Nos próximos meses, Gorriarán entrará com uma solicitação junto à Comissão Inter-Americana de Direitos Humanos. Alegará que sua prisão foi irregular e que, portanto, deveria ser devolvido ao México para o julgamento de um pedido formal de repatriação. Em dezembro encerrou, com outros doze presos do MTP, a mais longa greve de fome da história latino-americana, com 116 dias de duração.
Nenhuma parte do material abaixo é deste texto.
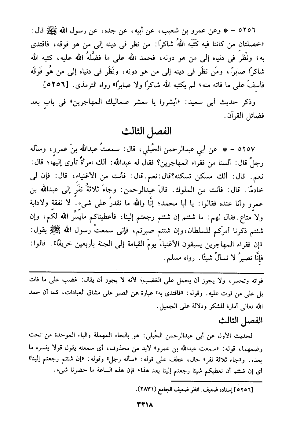 5257 - عن أي عبد الرحمن الحبلي، قال: سمعت عبد الله بن عمرو، وسأله رجل قال: ألسنا من فقراء المهاجرين؟ فقال له عبد الله: ألك امرأة تأوي إليها؛ قال: نعم. قال: ألك مسكن تسكنه؟ قال: نعم. قال: فأنت من الأغنياء، قال: فإن لي خادما. قال: فأنت من الملوك. قال عبد الرحمن: وجاء ثلاثة نفر إلى عبد الله بن عمرو وأنا عنده فقالوا: يا أبا محمد؛ إنا والله ما نقدر على شيء. لا نفقة ولا دابة ولا متاع. فقال لهم: ما شئتم إن شئتم رجعتم إلينا، فأعطيناكم ما يسر الله لكم، وإن شئتم ذكرنا أمركم للسلطان، وإن شئتم صبرتم، فإني سمعت رسول الله صلى الله عليه وسلم يقول: ((إن فقراء المهاجرين يسبقون الأغنياء يوم القيامة إلى الجنة بأربعين خريفا)). قالوا: فإنا نصبر لا نسأل شيئا. رواه مسلم.

Todos os condenados conseguiram ter suas sentenças reduzidas e passaram a um regime semi-aberto (podem sair da cadeia para trabalhar e estudar, regressando apenas para dormir).

Mas Gorriarán voltou à sua cela sem obter qualquer benefício penal. Um sorriso nervoso revela o desconforto. O jeito pausado chega a ficar alterado. “Os generais da ditadura foram indultados por seus crimes bárbaros“, protesta Gorriarán. “Mas eu fui escolhido para pagar pela audácia de uma geração.”

Fonte: Texto originalmente publicado no site do Opera Mundi.

Breno Altman
Jornalista e fundador do site Opera Mundi. Escreve mensalmente para o Blog da Boitempo sobre história da esquerda brasileira, latino-americana e mundial.

MAIS ENRIQUE GORRIARAN
***

domingo, 18 de setembro de 2022

COMO FINDAM OS DITADORES * Hugo Martin / AR

COMO FINDAM OS DITADORES

42 anos após o atentado que matou Anastasio Somoza: um comando do ERP, Julio Iglesias e um fotógrafo que sofreu tortura
Em 17 de setembro de 1980, o ex-ditador nicaraguense foi morto a tiros por um comando liderado por Enrique Gorriarán Merlo nas ruas de Assunção, no Paraguai. Os detalhes de como foi planejado e a história do último dia de "Tachito".
Por Hugo Martin
Foi assim que ficou o Mercedes Benz de Anastasio Somoza Debayle após o ataque mortal

A las 10.10 de la mañana del 17 de septiembre de 1980, Anastasio “Tachito” Somoza Debayle, 54 años , ex dictador nicaragüense exiliado en Paraguay, enfundado en un traje oscuro, transita a bordo de su Mercedes Benz blanco por la avenida América de Asunción , a capital. Ele acaba de sair de sua mansão, onde acabou de comer frutas e um ovo cozido no café da manhã e mora com sua companheira, Dinorah Sampson. Ao volante está César Gallardo, seu motorista. Ao lado dele, Jou Baittiner, um consultor financeiro que chegara na noite anterior de Miami.O único contratempo da manhã foi que o Mercedes Benz azul, que é blindado, havia sofrido uma pane.Eles vão a um banco. Ele não sabe, mas estes são seus últimos segundos de vida.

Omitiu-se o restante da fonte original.